Zamiast odpowiedzi gimnazista siadł po damsku na poręcz schodów, zjechał w mgnieniu oka aż na sam dół i znikł, jak senne marzenie, w mroku suteren, gdzie mieściły się drwalnie i składy szkolne.
Jednocześnie pan Pazur, drzemiący na stołeczku, dźwignął cokolwieczek jedną ze swych ogromnych powiek i chrapliwym głosem wrzasnął:
Wospreszcza się gadać po polski!
Dwaj uczniowie, którzy przed chwilą wyrywali sobie garściami włosy, posłyszawszy admonicję pana Pazura, jak na komendę, zgodnemi głosami zaintonowali pieśń.

»Pazur
Mazur
Obżarł się grochu!...«

Pedel zatrzasnął uchyloną nieco powiekę i, naśladując od niechcenia wargami świst rózgi, wykonał ręką kilka ruchów dokładnie przypominających »rznięcie na pokładankę«. Pani Borowiczowa zbliżyła się do niego i, dotknąwszy ręką jego ramienia, zapytała:

— Panie, czy nie mógłby mi pan powiedzieć, kiedy będzie egzamin?

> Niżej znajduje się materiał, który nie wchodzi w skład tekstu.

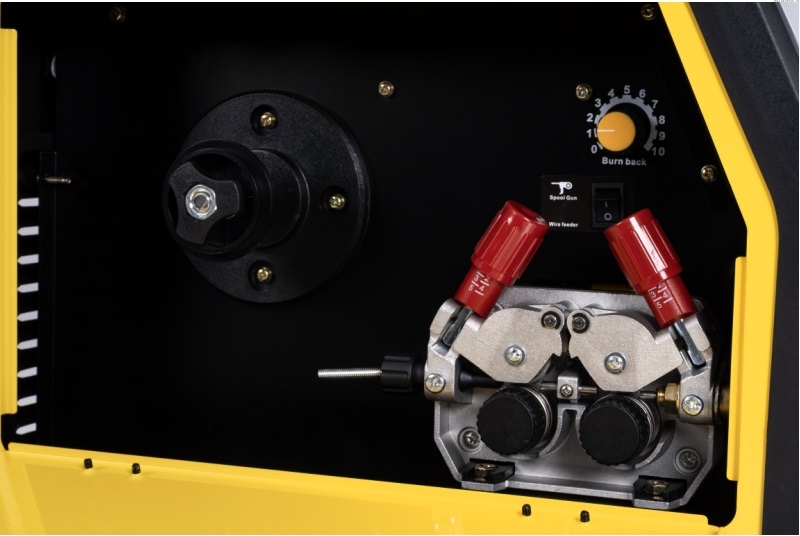 Spawarka została wyposażona w solidny podajnik drutu, który gwarantuje stabilność i ciągłość pracy urządzenia.

Pedelisko spojrzało na nią leniwie i nic nie rzekło. Wówczas wsunęła mu w garść srebrną czterdziestówkę i powtórzyła swe pytanie. Stary ożywił się zaraz i począł skrobać swoją błyszczącą łysinę.
— Widzi pani, mnie nic nie izwiestno. Ale trzebaby tak zrobić: jak uczyteli wyjdą z kancelarji i pójdą na etaż, to można iść do sekretara. Jeśli kto wie, to on...

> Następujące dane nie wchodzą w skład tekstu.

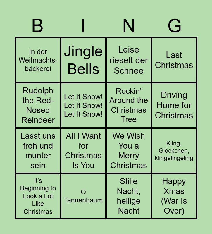 This bingo card has 16 words: O Tannenbaum, Kling, Glöckchen, klingelingeling, Leise rieselt der Schnee, In der Weihnachts-bäckerei, Lasst uns froh und munter sein, Jingle Bells, We Wish You a Merry Christmas, Stille Nacht, heilige Nacht, Rudolph the Red-Nosed Reindeer, Let It Snow! Let It Snow! Let It Snow!, It’s Beginning to Look a Lot Like Christmas, Last Christmas, All I Want for Christmas Is You, Driving Home for Christmas, Rockin’ Around the Christmas Tree and Happy Xmas (War Is Over).

— A prędko też mogą wyjść z tej kancelarji?
— Ha... tego, to już znać nie mogę.
Wiadomość tę matka Marcina powtórzyła kilku osobom na korytarzu. Wieść możliwości powzięcia jakiejś wskazówki szybko się rozeszła wśród tłumu. Istotnie dyrektor, a za nim nauczyciele kolejno wychodzili z kancelarji i udawali się na piętro, gdzie mieściła się większość klas wyższych, i dokąd nikomu z obcych wchodzić nie pozwalano. W kancelarji jednak zostało jeszcze kilku profesorów. Jeden z nich wszedł do klasy, której nie odnawiano, i prowadził tam za sobą uczniów, zdających »poprawki«.

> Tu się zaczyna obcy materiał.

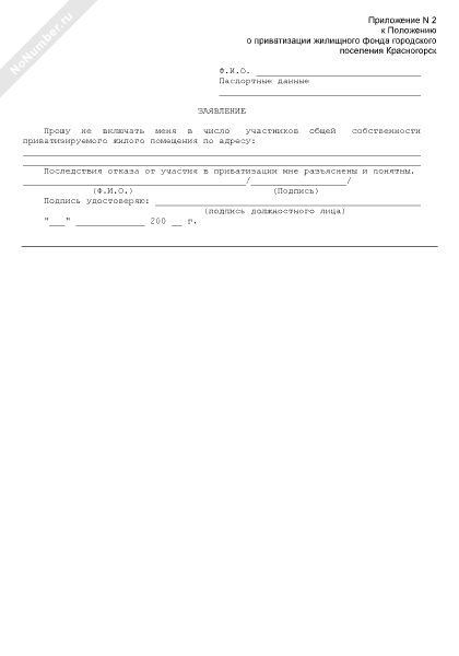 - 2520Заявление об отказе от приватизации жилья на территории городского поселения Красногорск Московской области

Drzwi do tej izby zostały niezamknięte i Marcinek z trwożną ciekawością przypatrywał się i przysłuchiwał procesowi egzaminowania. Stary nauczyciel, w granatowym fraku, chodził od drzwi do okna, coś pod nosem mruczał, a uczeń rozwiązywał na tablicy zadanie algebraiczne. Ujrzawszy jakieś znaki i cyfry, których znaczenia wcale nie rozumiał, Marcinek ścierpł ze strachu i szepnął do matki ze łzami:
— Mama myśli, że ja zdam, kiedy ja tego wcale nie umiem!
— Ależ ciebie o to pytać nie będą... Widzisz przecie, że to uczeń z wyższej klasy odpowiada.
Swoją drogą Marcinek ze strachu nie ochłonął, a widok iksów i greków bardziej jeszcze powiększył ciężar, który malca, jak stos gruzu przyciskał.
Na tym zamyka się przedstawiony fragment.